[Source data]
[Start of section]

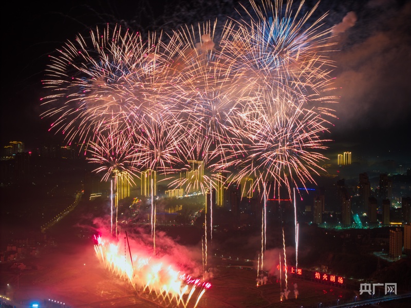 焰火在夜空中绚烂绽放(央广网发 刘秋雨 摄)
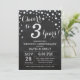 3e anniversaire de mariage Invitation tableau noir et argent. Troisième anniversaire de mariage. Fond diamant paillettes noir et argent. Confettis argentés. Anniversaire adulte. Fête d'anniversaire homme ou femme. Pour une personnalisation supplémentaire, veuillez cliquer sur le bouton "Personnaliser" et utiliser notre outil de conception pour modifier ce modèle.
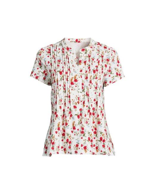 Women's Floral Lightweight Jersey Button Pintuck Top
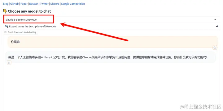 进入竞技场后点击Chat,然后选择Claude3.5模型就好。需要注意的是,模型竞技场有些时候会因为没有次数额度下架Claude3.5模型使用。你可以去试试看,如果没有的该模型选项的话,晚会再进去试试。
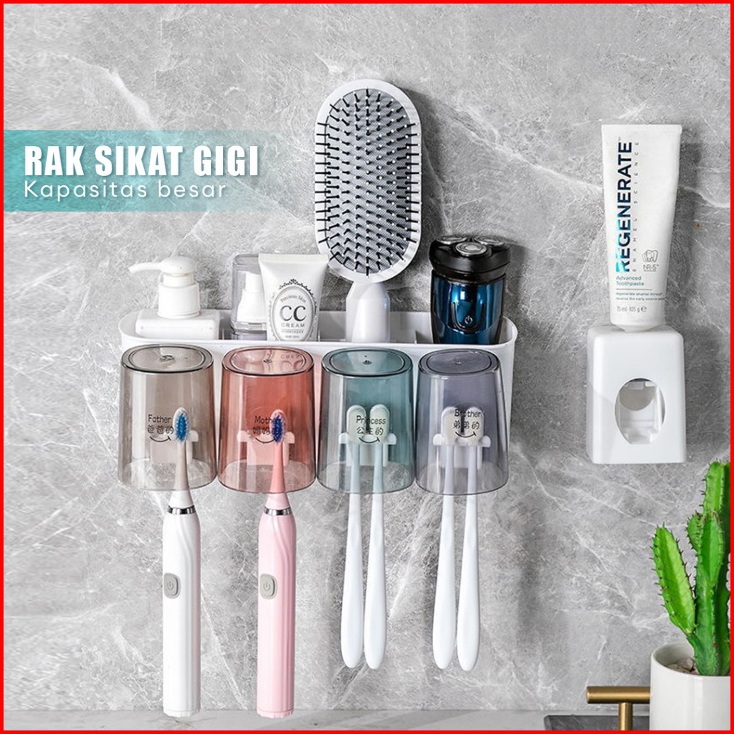 Lazy Bear Rak Sikat Gigi Tempel Dinding Gratis Gelas Kumur D72-d74 Tooth Brush Rack Anti Bor
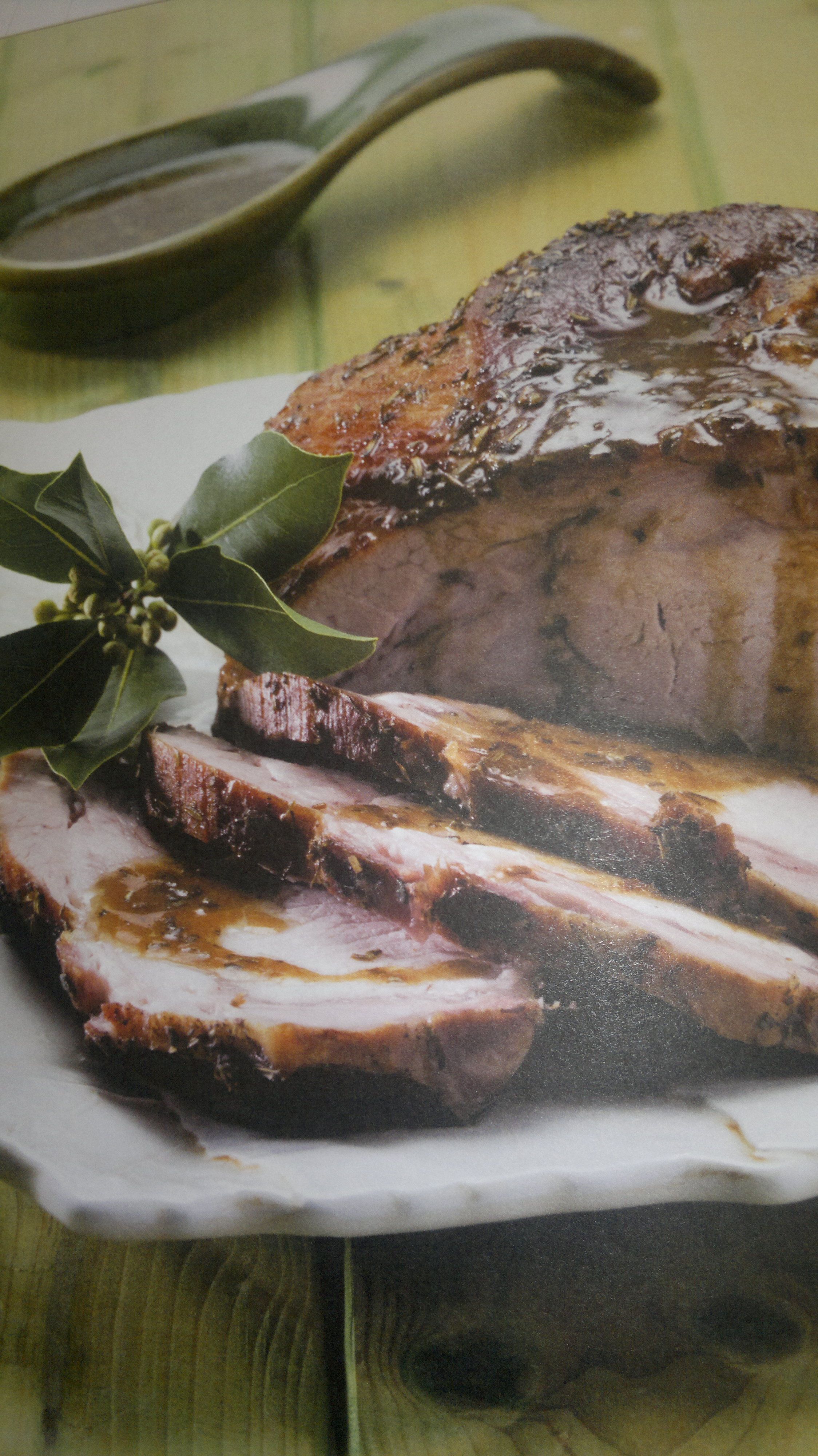 Servire l'arrosto caldo, tagliato a fette e irrorato con la salsa.
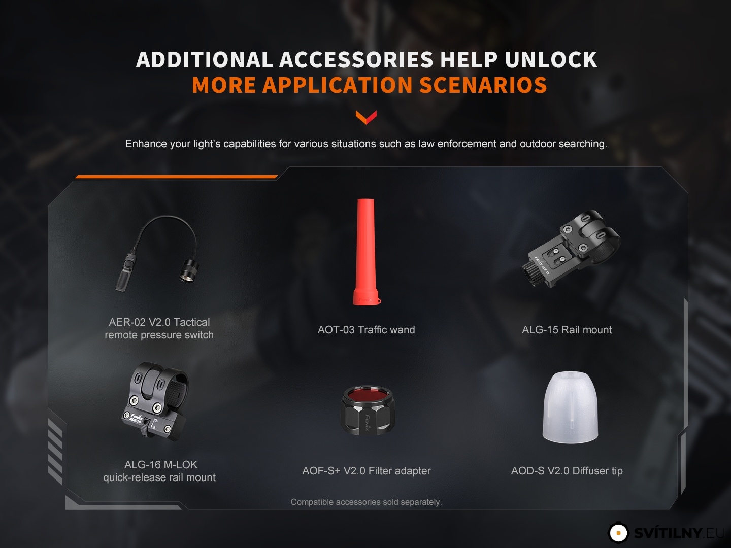 - Jako volitelné příslušenství lze například dokoupit: kabelový spínač AER-02, úchyt ALG-05 na vzdálený spínač, červený filtr AOF-S+ V2.0, difuzér AOD-S, silikonový dopravní kužel AOT-03, popruh Fenix ALD-05 pro použití svítilny na přilbě, montáž na zbraňovou lištu ALG-00, rychloupínací montáž na lištu ALG-15, držák na kolo, pouzdro ALP-10S, držák na cyklistickou přilbu BikeBlock, držák na kolo Fenix, případně kovová magnetická montáž na hlaveň, plastová magnetická montáž na hlaveň.

[End of section]

- WHAT TO DO -
Exclude the pictures and write out exactly the lines from the one holding "Servire l'arrosto caldo, tagliato" through the end of the entries, inclusive, and only those.

- REPLY TO THE TASK -
 Servire l'arrosto caldo, tagliato a fette e irrorato con la salsa.
 - Jako volitelné příslušenství lze například dokoupit: kabelový spínač AER-02, úchyt ALG-05 na vzdálený spínač, červený filtr AOF-S+ V2.0, difuzér AOD-S, silikonový dopravní kužel AOT-03, popruh Fenix ALD-05 pro použití svítilny na přilbě, montáž na zbraňovou lištu ALG-00, rychloupínací montáž na lištu ALG-15, držák na kolo, pouzdro ALP-10S, držák na cyklistickou přilbu BikeBlock, držák na kolo Fenix, případně kovová magnetická montáž na hlaveň, plastová magnetická montáž na hlaveň.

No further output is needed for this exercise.